Дмитрий Ермаков - Третья сила
Святослав почувствовал, как гнев в его душе улетучивается, уступая место легкой грусти. И гордости. В этот момент он в который раз почувствовал, что воспитал дочь правильно, что не допустил фатальных ошибок. Привыкшая меньше болтать, больше действовать, Лена никогда не говорила отцу, как сильно она его уважает и ценит. У них не принято было выражать такие чувства словами, объятиями и прочим. И вот сейчас, почти случайно, Лена раскрыла на краткий миг, зато во всей полноте то, что чувствовала она к отцу…
— Так вот оно что, — произнес Святослав, мягко улыбаясь, ласково поглаживая дочь по волосам. — Так вот почему ты рыдаешь… Ну тогда знай, милая, что мне мнение этих людей. Хм. С чем бы сравнить… Как слону дробинка. Помнишь, что такое слон? Ну вот. Думаешь, я затем наверх хожу, чтоб мне внизу аплодировали?
— Могли бы хотя бы уважение проявлять… — шмыгнула носом Лена.
— А! — махнул рукой отец. — Выбрось из головы эти мысли. Тебе, милая, тоже предстоит людям служить. И поверь, к твоему труду относиться будут не лучше. Подумай вот о чем. Ты часто замечаешь, как трудятся уборщики? Или те, кто вентиляцию чинят? Ты вообще задумываешься, как все это функционирует? Канализация там, отопление. Ты каждый раз, когда моешь голову, думаешь, кто ночами не спит, чтобы текла эта вода?
Лена подумала и с тяжелым вздохом покачала головой.
— Ну вот, видишь. Люди работают, исполняют свой долг. Для всех нас главная награда — то, что все это работает. То, что мы живем. А благодарность… Да, с этим в наши дни дела обстоят плохо. Только раньше, доченька, было не лучше. Но знаешь… Хоть я не все понимаю в христианском учении и не со всем согласен, но одна мысль мне нравится: добрые дела надо делать ради самих добрых дел. Потому, что так надо. Потому, что иначе нельзя. Не ради, как ты выразилась, уважения. Иисуса Христа, который нес это учение, отовсюду гнали, поносили и в итоге вообще на кресте распяли.
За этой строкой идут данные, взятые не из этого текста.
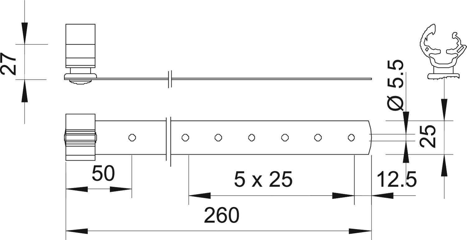 Ajustement Rd 8-10 mm Application Surface de toit Diamètre du conducteur max. 10 Diamètre du conducteur min. 8 Dimension 260mm Empreinte CO2 (GWP) du berceau à la porte 0,3106 kg CO2e / 1 Pièce Hauteur de montage 27 mm Longueur 260 mm Matériau acier inoxydable 1.4301 Type de fixation du conducteur avec collier de serrage Type de montage peut être vissé - Tous les types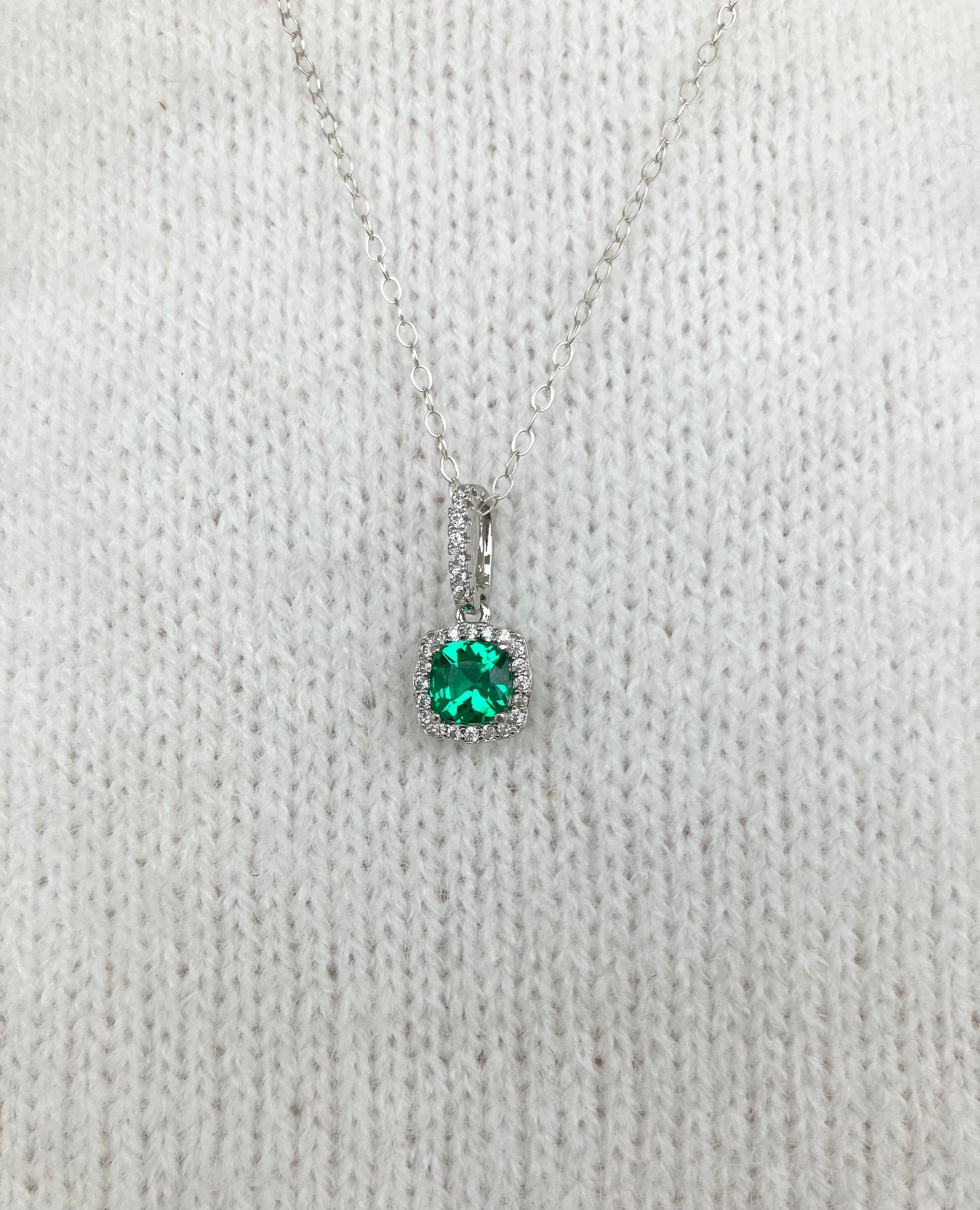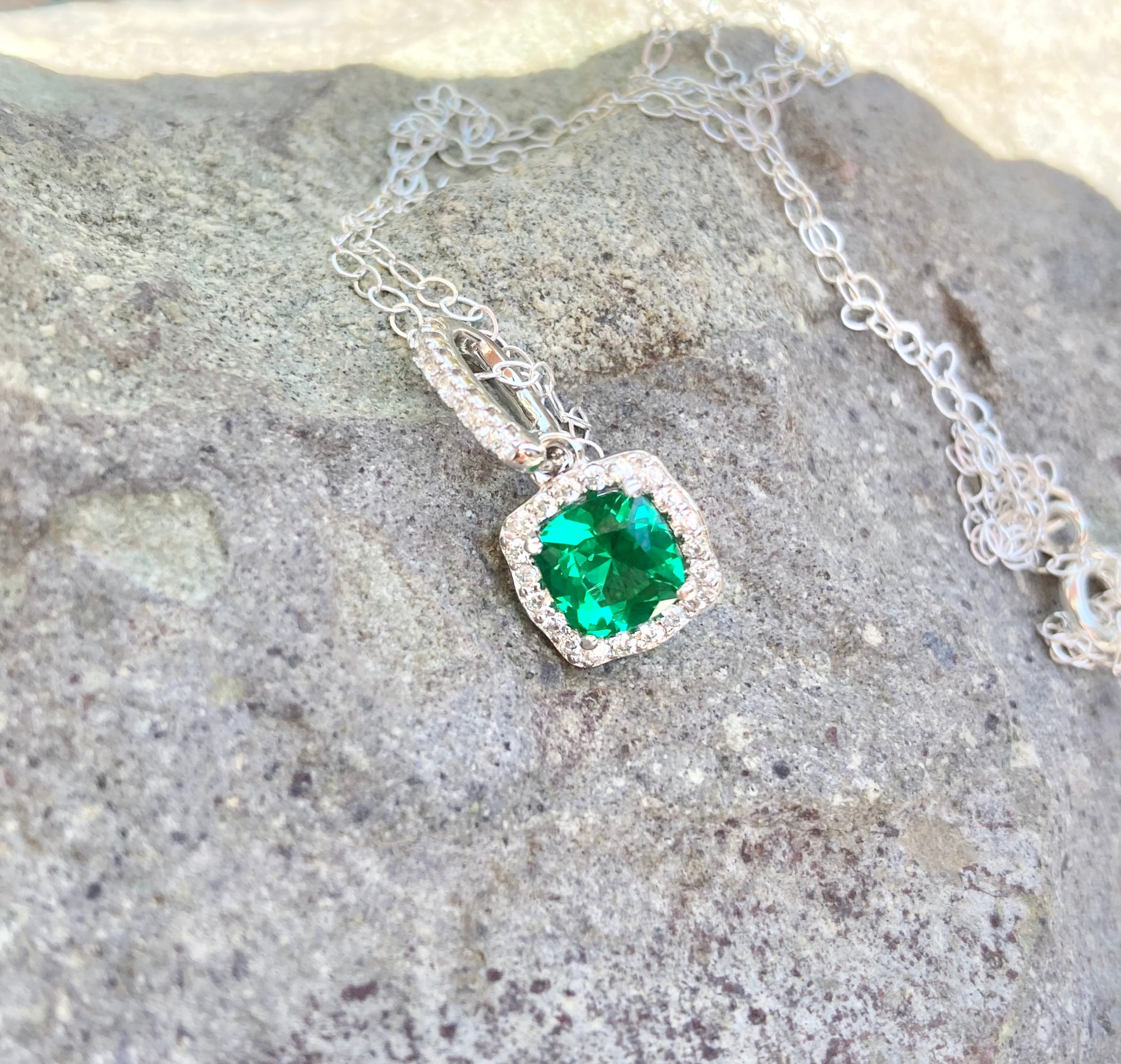 This beyond stunning necklace is perfect for all you May babes! The birthstone color for May is green, and this gorgeous pendant necklace features a green cushion cut cubic zirconia surrounded by a halo of white round cubic zirconia that extends up the bail. The chain is 20" long and is set in sterling silver and the pendant has rhodium plating over sterling silver.

— Знаю. Читала, — кивнула Лена. — И очень злилась. Он людям помогал, а его — на крест…
— А злиться не надо. Вот ты пожелала теткам сдохнуть поскорее. Теткам хуже стало от слов твоих? Нет. А ты вся побелела от гнева. Тебе хорошо стало? Нет. Вот и не ори. Ты медсестра. Будущий врач. Клятву Гиппократа давать будешь. Тебе крикнут в лицо: «Не буду режим соблюдать, не хочу!», — и что ты сделаешь? В морду больному дашь?..
— Нет, конечно! — воскликнула девушка. — Как можно! Меня же тогда с позором выгонят!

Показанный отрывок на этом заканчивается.